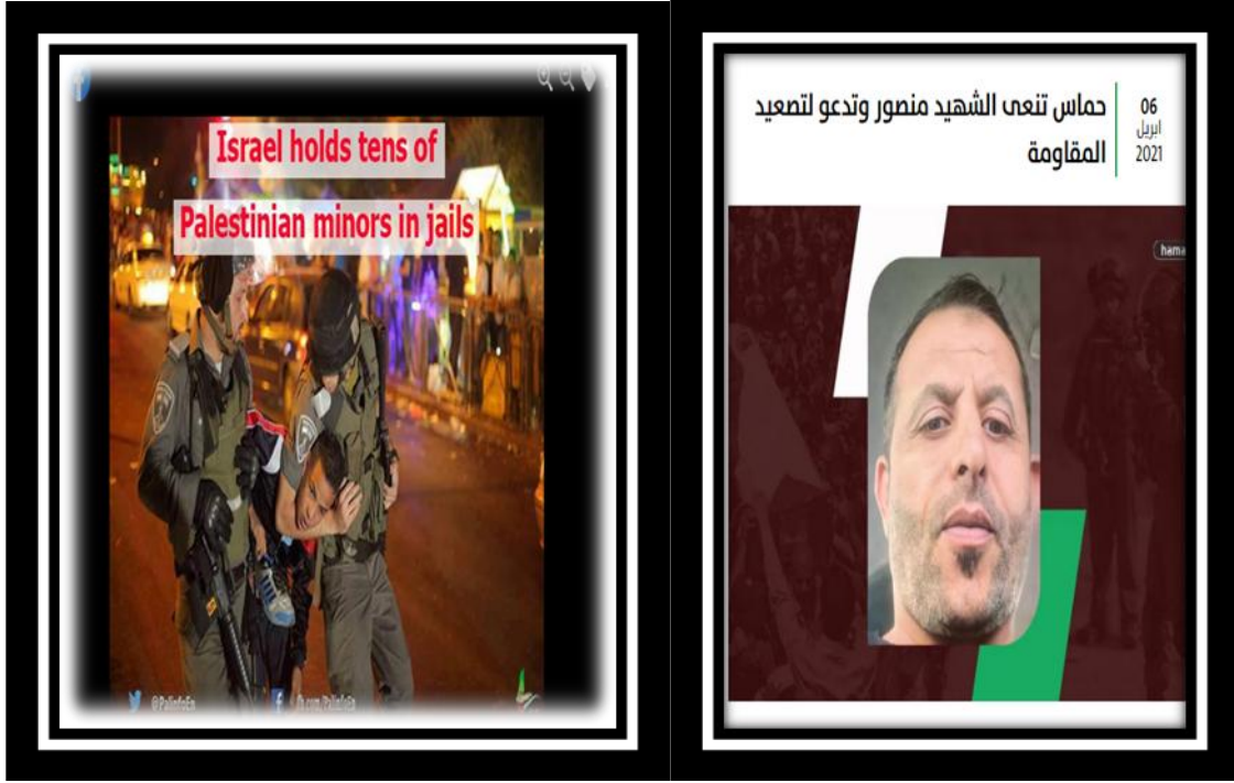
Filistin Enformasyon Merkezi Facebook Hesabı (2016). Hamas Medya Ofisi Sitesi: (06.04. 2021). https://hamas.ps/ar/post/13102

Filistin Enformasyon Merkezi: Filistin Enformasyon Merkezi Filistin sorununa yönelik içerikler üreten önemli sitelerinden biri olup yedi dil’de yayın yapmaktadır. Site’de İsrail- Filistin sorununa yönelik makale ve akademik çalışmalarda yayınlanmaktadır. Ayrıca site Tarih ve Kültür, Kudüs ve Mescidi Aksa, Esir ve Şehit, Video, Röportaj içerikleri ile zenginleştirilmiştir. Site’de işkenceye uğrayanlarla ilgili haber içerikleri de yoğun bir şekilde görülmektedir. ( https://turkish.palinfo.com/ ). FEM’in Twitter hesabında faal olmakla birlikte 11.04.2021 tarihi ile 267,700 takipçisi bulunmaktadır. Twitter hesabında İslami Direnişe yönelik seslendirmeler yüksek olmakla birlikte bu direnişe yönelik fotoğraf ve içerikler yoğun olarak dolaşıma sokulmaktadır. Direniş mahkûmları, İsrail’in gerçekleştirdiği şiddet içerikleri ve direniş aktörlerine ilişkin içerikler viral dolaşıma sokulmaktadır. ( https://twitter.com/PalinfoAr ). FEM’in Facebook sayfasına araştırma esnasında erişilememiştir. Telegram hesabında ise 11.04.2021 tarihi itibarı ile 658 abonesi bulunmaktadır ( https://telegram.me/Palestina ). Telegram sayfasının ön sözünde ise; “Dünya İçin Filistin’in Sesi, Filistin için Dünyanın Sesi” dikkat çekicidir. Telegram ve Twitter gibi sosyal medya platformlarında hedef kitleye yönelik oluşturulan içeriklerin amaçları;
...
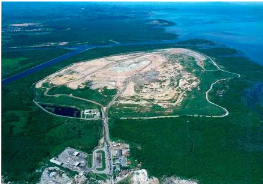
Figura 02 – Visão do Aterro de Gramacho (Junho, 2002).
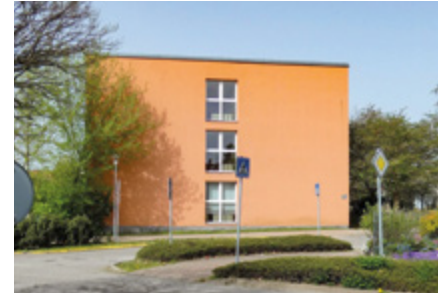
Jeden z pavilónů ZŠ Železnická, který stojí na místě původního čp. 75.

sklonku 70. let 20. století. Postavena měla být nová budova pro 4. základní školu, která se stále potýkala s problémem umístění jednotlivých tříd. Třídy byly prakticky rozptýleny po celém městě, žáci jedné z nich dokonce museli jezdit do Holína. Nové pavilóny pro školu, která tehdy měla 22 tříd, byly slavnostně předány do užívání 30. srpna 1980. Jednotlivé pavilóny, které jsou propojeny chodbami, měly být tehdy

Task objective: In the listing above, find the line with "Figura 02 –" and the line with "Jeden z pavilónů". Output both, plus every line between them, and no pictures.

Response to this task:
Figura 02 – Visão do Aterro de Gramacho (Junho, 2002).
Jeden z pavilónů ZŠ Železnická, který stojí na místě původního čp. 75.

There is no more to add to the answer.